Furthermore, individual 24-hour urine samples were collected from all animals after the last dosing prior to the scheduled sacrifice, and in addition plasma samples were collected from each animal at the day of sacrifice. The plasma and urine samples were analysed for total cadmium, zirconium and selenium content. The cadmium, zirconium and selenium concentrations of the 24 hour urine samples, collected during the day before sacrifice, ranged from 0.121 µg/mL for males and 0.214 µg/mL for females, 0.601 µg/mL for males and 1.01 µg/mL for females and 249 µg/L for males and of 372 µg/L for females, respectively. The cadmium, zirconium and selenium concentrations of plasma samples, collected from dose group animals at the day of sacrifice, ranged from 0.002 µg/mL for males and 0.02 µg/mL for females, 0.006 µg/L for males and of 0.009 µg/L for females and 5.07 µg/L for males and of 5.21 µg/L for females, respectively.


 


It is concluded that the pigment was well tolerated and that no signs of systemic toxicity whatsoever were observed in rats when administered at a dose of 1000 mg/kg bw/day for up to 28 days.
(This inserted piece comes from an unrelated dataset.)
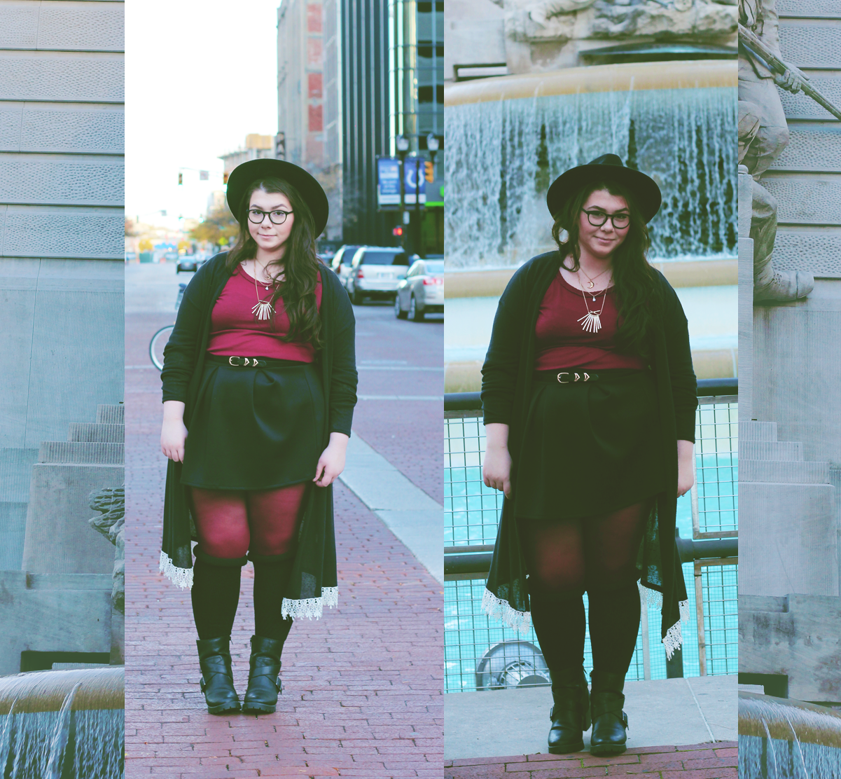 I love the color red and variations of it. I don't wear a lot of red, but I still love it. Wine/burgundy is my favorite variation, and I love love love these tights. These are from Target from last year, and they're the perfect mix between sheer and opaque. I like the coordination and separation of colors, with the black of the skirt and the socks breaking up the wine. Definitely a fall appropriate outfit!
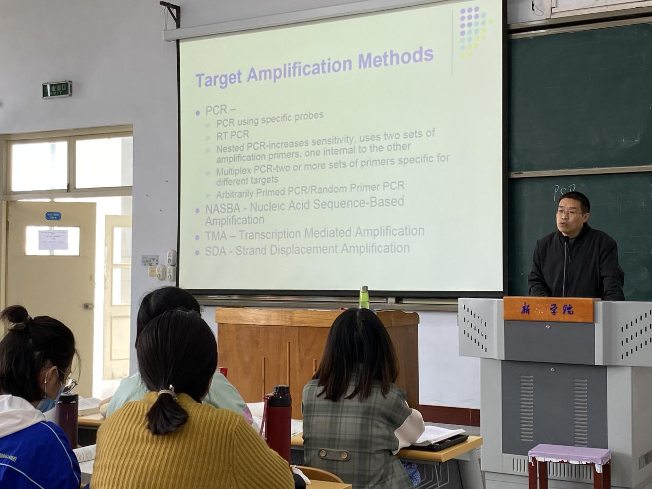 12日晚上,在A01报告厅视频连线美国贝佩丝大学副董事长Jill 举行2021级生物技术(合办)专业迎新会和2019、2020级生物技术(合办)专业交流会,公司太阳成tyc122cc集团副经理刘亚娜等相关人员参加了会议。视频会议由刘亚娜主持。在专业迎新会上,Jill介绍了贝佩丝大学团队、环境、员工学习情况和基本学习要求等,热烈欢迎同学们到合作项目下学习,同时鼓励各位员工出国留学。最后,Jill送给每位同学新学期的祝福。在专业交流会上,Jill首先介绍了当前生物技术专业学习就业方向,介绍了美国贝佩丝老员工物技术专业的优势。

The analysis of cadmium, zirconium, and selenium concentrations of 24h-urine sampled after the last dosing demonstrated the negligible bioavailability of the test substance, with <<0.05% of the dose being
excreted via urine for all three metals. The no observed adverse effect level (NOAEL) in rats is 1000 mg/kg/day.

Justification for classification or non-classification

No signs of systemic toxicity whatsoever were observed in rats when administered at a dose of 1000 mg/kg bw/day for up to 28 days. The no observed adverse effect level (NOAEL) in rats is 1000 mg/kg/day. No classification for repeated dose toxocity according to EC Regulation No. 1272/2008 is anticipated.